Winston Churchill was right. Democracy is the worst form of government except for all the others.
President Trump, who could go down as one of our best presidents ever but has to work a bit harder at it, picked a 2020 campaign manager on Tuesday. In virtually the next breath he holds a White House gun-violence session with lawmakers and manages to make eyes cross and eyebrows arch among tens of millions of staunch supporters.
The dizzying effect of electoral politics?
Florida Gov. Rick Scott, a Republican running for the U.S. Senate, opposes Mr. Trump’s smartest recommendation on school-gun killings.
Mr. Trump rightly wants every teacher, administrator, principal and janitor who has the needed firearm-safety training to be able to carry a concealed pistol. Where? Strapped to an ankle or tucked under a blouse, shirt or jacket. Why? To kill a school shooter before he kills students, teachers, administrators, principals and janitors.
A homicidal maniac with a gun in a school won’t stand a chance if he doesn’t know who’s armed in the school and who isn’t.
But no. Mr Scott the candidate wants one paid armed guard at every school. He wants metal doors and special windows and all kinds of things that will do zero to stop a nonexistent school-shooting epidemic. He wants things that will cost billions of dollars that already strapped school districts can’t afford. And don’t need.
Consider this: There are 50 million primary and secondary school students in 90,000 in elementary and 37,000 secondary schools in the U.S.
If you paid “armed resource officers” $40,000 a year, the bill would be over $5 billion every year, a cost that would double once health care, retirement and other benefits get folded in. Labor, materials and the inevitable scams for hardening schools would run many times that.
Since 1996, until the Douglas High shooting, there had been just 14 school shootings that have killed at last two people besides the gunman, according to a Northeastern University study.
Allowing firearm-trained school employees to volunteer to carry concealed handguns to protect their schools is the only way to protect schools.
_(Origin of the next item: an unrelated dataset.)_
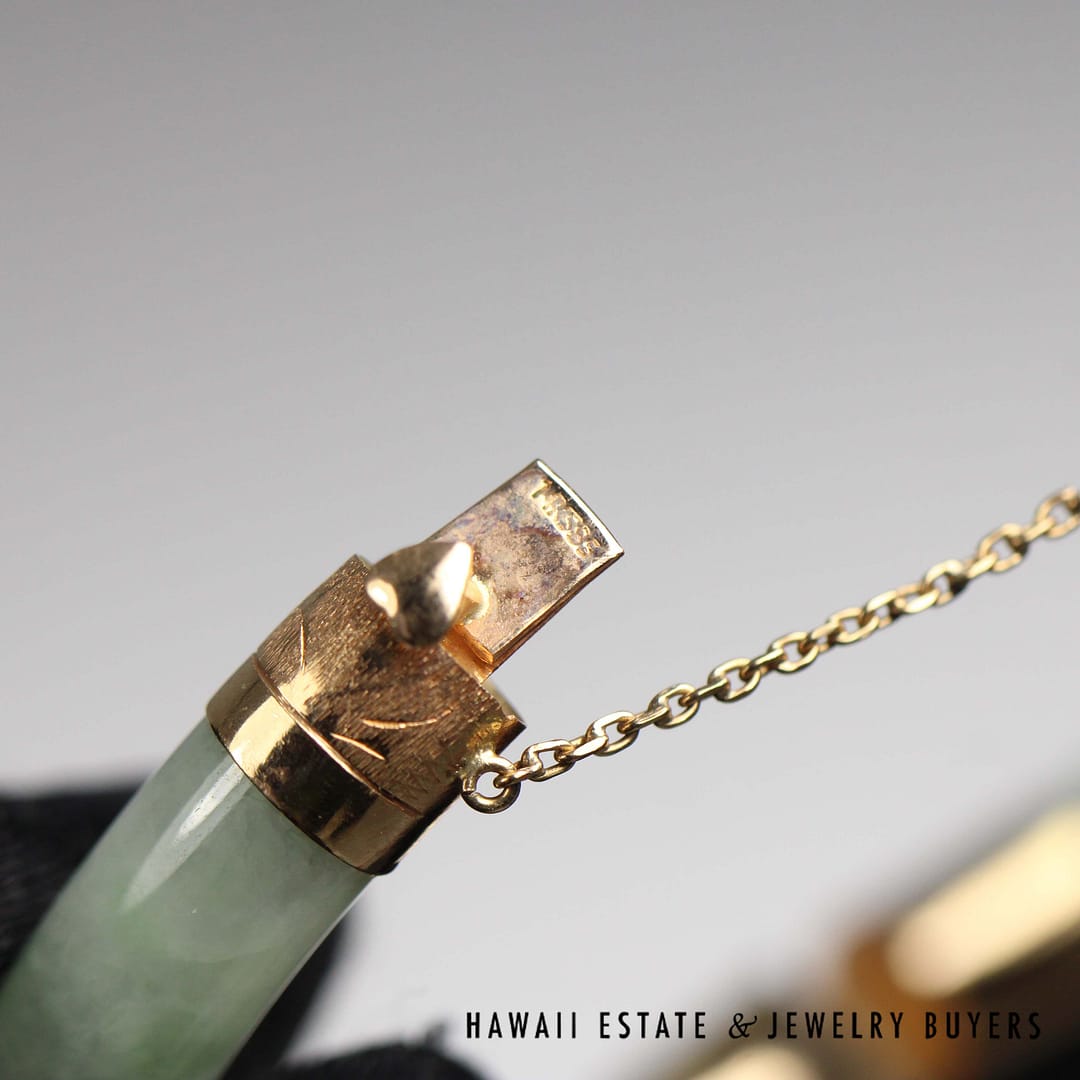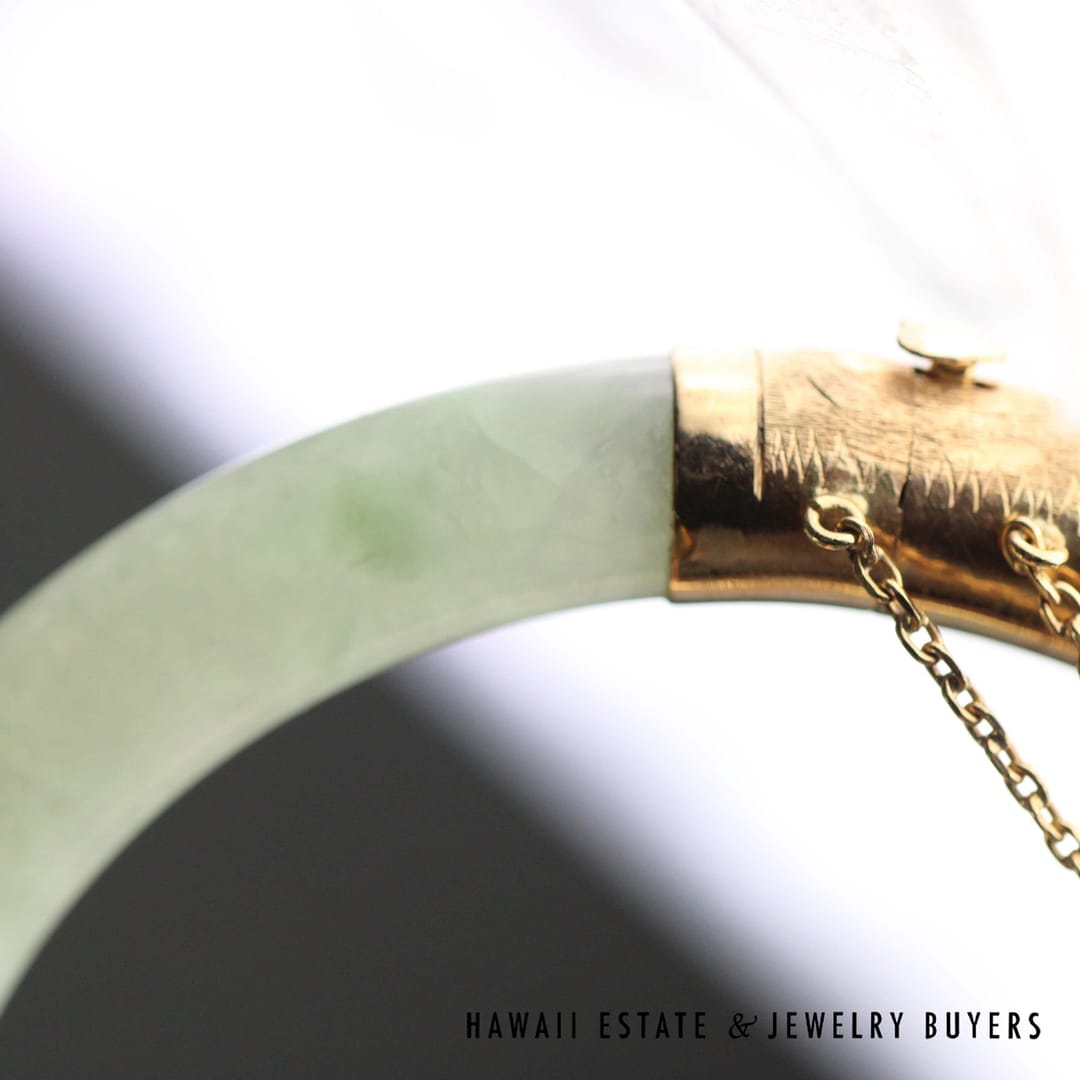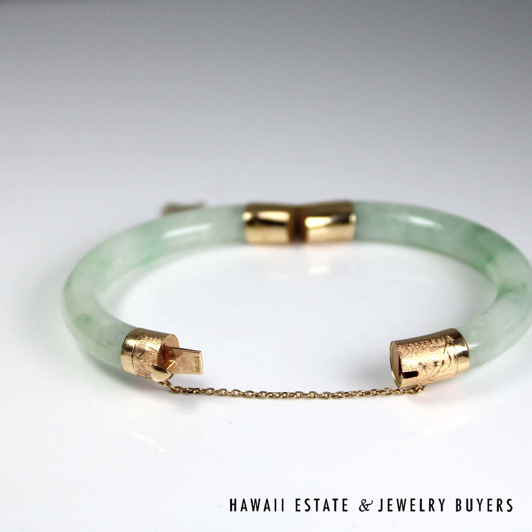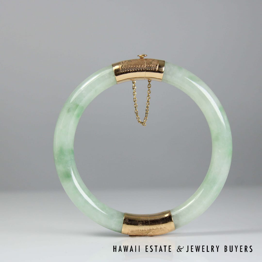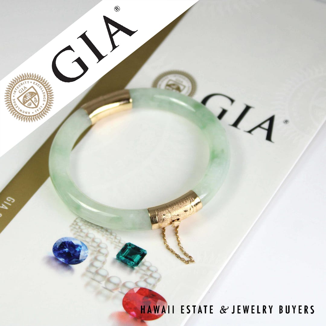 GIA 33.6g 14KYG MOTTLED GREEN HINGED BANGLE BRACELET SIZE 6.75 (2790-09)

Any homicidal shooter smart enough to load his gun will walk up to the school resource officer, say “hi,” blow the guy’s head off and then freely start mowing down unarmed, utterly defenseless students, teachers, administrators, principals and janitors.
Yet Mr. Trump stepped on his school-safety brilliance by handing gun-controllers the keys to the gun-confiscation kingdom. Confiscate suspicious guns first then worry about due process afterward, he said.
Not in my America, Mr. President, though I hugely respect what you’ve accomplished in office and want to see all your agenda realized.
I also want an armed citizenry to protect the Constitution and its freedoms, not to burn down the village in order to save it.
Appealing to the left in America will not get you re-elected. And if it does, it’s not worth violating the commitments on which you ran. Not for me. Not for you. Not for America.
In what appears to be an uncharacteristic lapse into re-election-itis, Mr. Trump spoke about adding to a broader gun bill another measure to ensure that if you have a permit to carry a concealed weapon in your own state, you can do so in other states too.
He said he’d oppose that, explaining that such interstate reciprocity would make the broader bill unpassable.
I am sure the president understands how important it is for good citizens to be able to carry their weapons from states that favor conceal-edcarry permits into states that, despite a Supreme Court ruling, make it virtually impossible for a citizen to get a permit.
A black female cop and white male cop came to my house years ago after an attempted break-in. They asked whether I had a gun. “No,” I said. They separately said this: The next time this happens, Mr. Hallow, we’re not going to be here.
I thanked them, got a license, bought a gun and have kept it at home ever since.
I can’t carry my .38 revolver outside my home to protect me at gas-station stops in shady neighborhoods because my state’s lawmakers insist only cops should carry weapons.
Like my nation, my state is a representative democracy that nonetheless keeps me from defending myself and others.
Mr. Churchill, your face-squinching observation about democracy lives on.